CEEP also welcomes the further introduction of the risk-based approach (RBA) adding to what has already been laid down in Annex II in 2015. It is very positive that both the hazard assessment of water bodies (including the catchment area) and the risk assessment of the domestic distribution system now complements the supply risk assessment. However, where the Commission proposal aims for an integrated source to tap RBA, there should be a general obligation for Member States to ensure that there is a clear and balanced distribution of responsibilities in place, tailored to the national institutional and legal framework, bearing in mind the principle of subsidiarity. Furthermore, CEEP notes that in the proposal the supply risk assessment focuses on adjusting monitoring frequency only, where a risk-based approach in water supply is an integral management tool for assessing and managing risks.
CEEP welcomes the position taken by the Commission to hold on to the high level of protection provided for by the directive regarding drinking water standards, including the continuation of the precautionary principle as a leading principle for setting drinking water quality standards.
The new legislative proposal foresees measures that go beyond the existing Directive’s scope. Those measures should always be proportional and avoid unnecessary requirements for water operators.
CEEP has some concerns regarding the proposed definition of water suppliers and the use of the term in the proposal. In some provisions it reads as if water suppliers are directly addressed, where the directive should clearly be directed at Member States only. CEEP believes legal obligations, which are addressed to Member States should not leave any legal uncertainty for possible liabilities towards water suppliers. Moreover, the proposed definition might need some amendments, as in its current wording it might include other entities than drinking water companies.

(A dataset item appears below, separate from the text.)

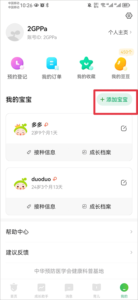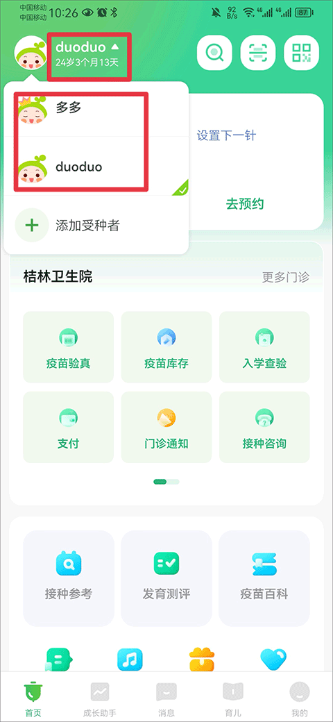 3、接着在首页中点击宝宝的名字,并选择你要切换的宝宝名字即可完成切换另一个宝宝
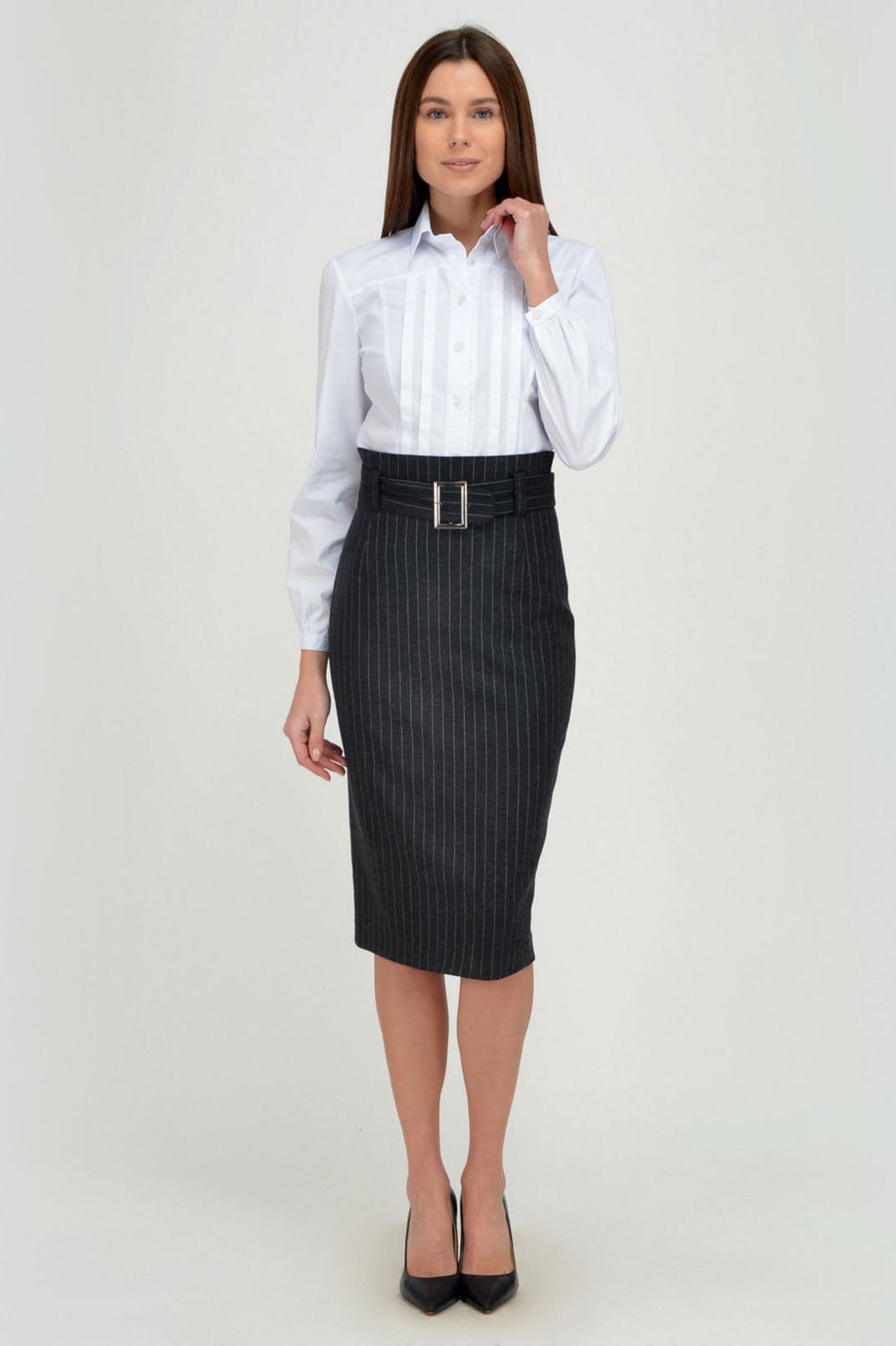 Юбка с завышенной линией талии облегающего силуэта. Сзади шлица. Изделие на подкладке. Юбка дополнена ремнем из ткани.

The status quo is not good enough regarding the current Article 10 on products and materials in contact with drinking water. CEEP therefore calls upon the Council and European Parliament to provide a legal baseline in the Directive for health requirements for products and materials in contact with drinking water.
CEEP notes that the former Article 9 on derogations is deleted. Although CEEP would welcome a simplification of the process of granting 3 derogations of maximum 3 years, the complete deletion of the legal instrument of derogations leaves Member States and water suppliers with the situation that temporary exceedances can no longer be embedded in a legal framework. In addition, CEEP expresses its concern about the deletion of Article 6, paragraph 2 (‘shall be deemed clause’ in relation to domestic distribution systems in non-public supplies) and the deletion of the exception for notification to consumers in case of trivial non-compliances (Article 12 of proposal). CEEP believes the proposed changes constitute a too rigid system leading to legal and practical problems.
CEEP stresses that Article 14 (and Annex IV) and the requirements on information to the public on aspects such as tariffs, investment decisions, waste water collection and treatment, as well as leakage rates, go beyond the scope and the objectives of the DWD, which should focus on water quality and the protection of human health as determined by Article 1. The principle of subsidiarity should be respected.